Je portais ce pull de grossesse jaune moutarde absolument hideux que je détestais, mais que j'avais mis quand même parce qu'il était propre. Je serrais la main de mon mari si fort dans la salle d'échographie que ses jointures en devenaient blanches. C'était l'échographie morphologique des 20 semaines pour Léo. La pièce était plongée dans le noir, le gel de l'échographie était glacial, et l'échographiste n'avait pas dit un mot depuis exactement quarante-deux secondes. Je sais que ça faisait quarante-deux secondes parce que je les comptais dans ma tête, totalement paralysée par ce genre de terreur froide et viscérale que l'on ne connaît que si l'on s'est déjà retrouvée dans cette même pièce, à fixer ce même plafond, pour recevoir la pire nouvelle de toute sa vie.

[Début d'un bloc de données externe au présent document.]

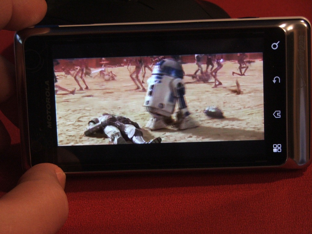 When you initially turn the phone on you’re greeted with a ‘Best of R2D2’ video that plays automatically.
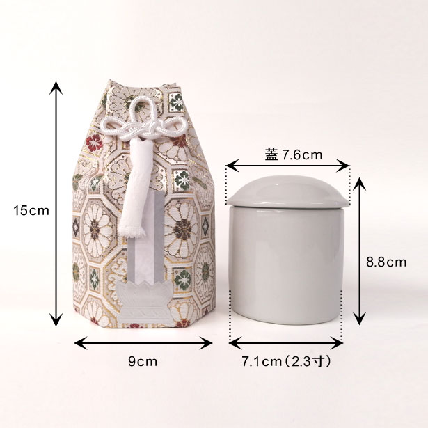 | 商品説明 | 【商品コード:2240】 ■商品詳細 「分骨つぼ」 ●材質:陶器製 ●外寸サイズ:直径7.6cm、高さ8.8cm 「収納袋」 ●材質:布、厚紙 ●外寸サイズ:直径9cm、高さ15cm 手元供養・分骨などに最適なコンパクトサイズの陶器製骨壺と袋のセットです。 骨壷を入れる袋は、六角で素材自体に厚みがあり、しっかりとした作りになっています。 後ろの紐を解いて上から骨壷を入れてください。再び紐を結ぶだけでOKです。 正面には飾り結びが端正な印象を与える、白房が付いております。 本山や菩提寺に分骨を納めるとき、手元供養などご自宅に置いておくときに分骨つぼを使います。 小動物などのペット用としてもご利用いただけます。 |
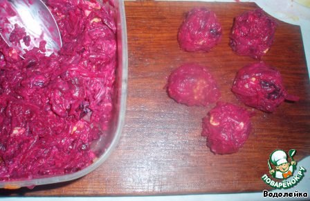 По итогам поедания закуски могу сказать такое: первыми улетели (да-да, именно улетели) шарики с оливкой внутри, потом на втором месте были морковные шарики (с обеих морковок), а вот шарики из буряка уходили в последнюю очередь (особенно те, которые с селедкой были). Но несмотря ни на что съели все.

Le médecin a finalement cliqué sur un bouton, a tourné l'écran vers nous et a dit : "Voilà le rythme cardiaque, bien fort." Mon mari a laissé échapper un souffle saccadé et humide. J'ai juste fixé ce petit pixel clignotant sur le moniteur et j'ai immédiatement vomi dans la petite poubelle en plastique à côté de la table d'examen. Parce que c'est ça, la réalité. Le plus grand mythe de l'univers, c'est de croire que tomber enceinte après la perte d'un bébé est un événement magique et guérisseur qui efface instantanément votre chagrin et transforme votre vie en une pub lumineuse pour des couches. Ce n'est pas le cas.

C'est, très franchement, un pur enfer. Vous êtes un paquet de nerfs sur pattes, une boule d'hypervigilance alimentée par le peu de café décaféiné tout triste que vous vous autorisez à boire, avec la certitude absolue qu'une nouvelle catastrophe vous pend au nez. C'est terrifiant.

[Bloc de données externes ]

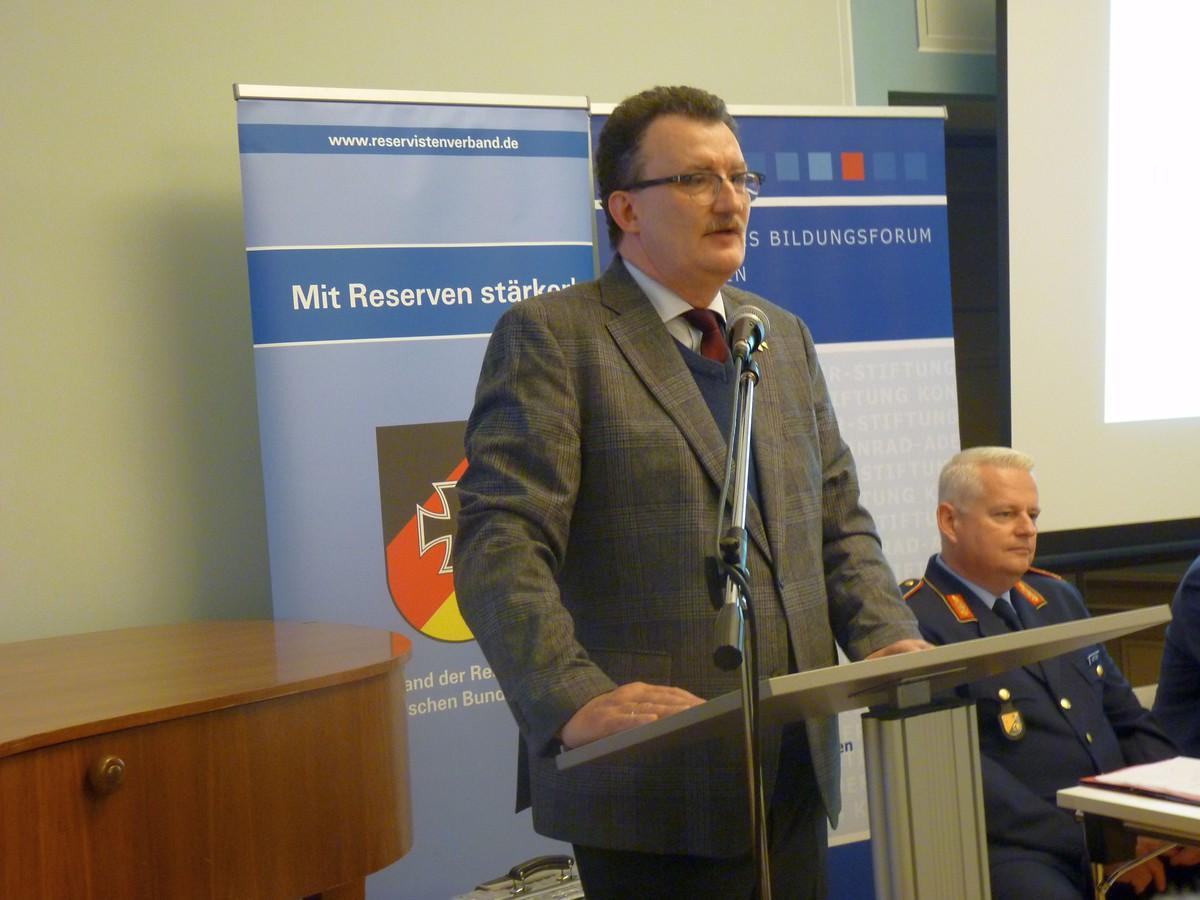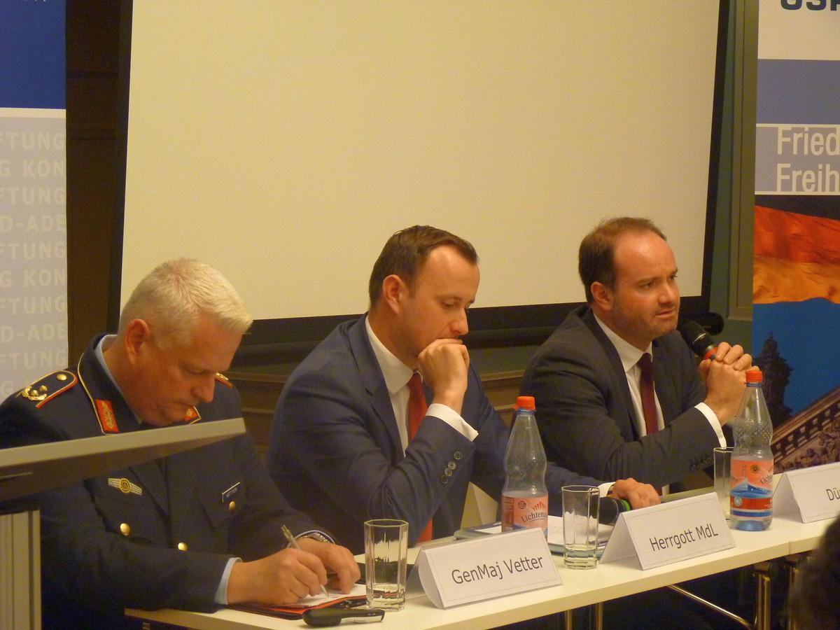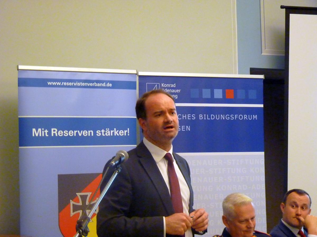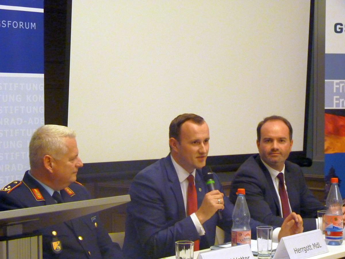 Im Anschluss übernahm der Moderator Christian Herrgott MdL, Reservist und ehemaliger Bundeswehr-Offizier, Beauftragter der CDU-Landtagsfraktion für die Bundeswehr das Wort und führte in die Diskussion und Fragerunde ein.

Toute cette métaphore de « l'après-tempête » est honnêtement un peu maladroite

Si vous avez passé plus de cinq minutes sur un forum de parents, vous avez probablement vu le terme. Mais si vous étiez comme moi il y a quelques années, à taper frénétiquement sur votre téléphone à 2 heures du matin avec les mains qui tremblent, en vous demandant c'est quoi un bébé arc-en-ciel, la version courte est que c'est un enfant né après une fausse couche, une mortinaissance ou un décès néonatal. La signification d'un bébé arc-en-ciel est censée être cette chose magnifique et poétique : le nouveau bébé est le bel arc-en-ciel lumineux qui apparaît après une tempête sombre et dévastatrice.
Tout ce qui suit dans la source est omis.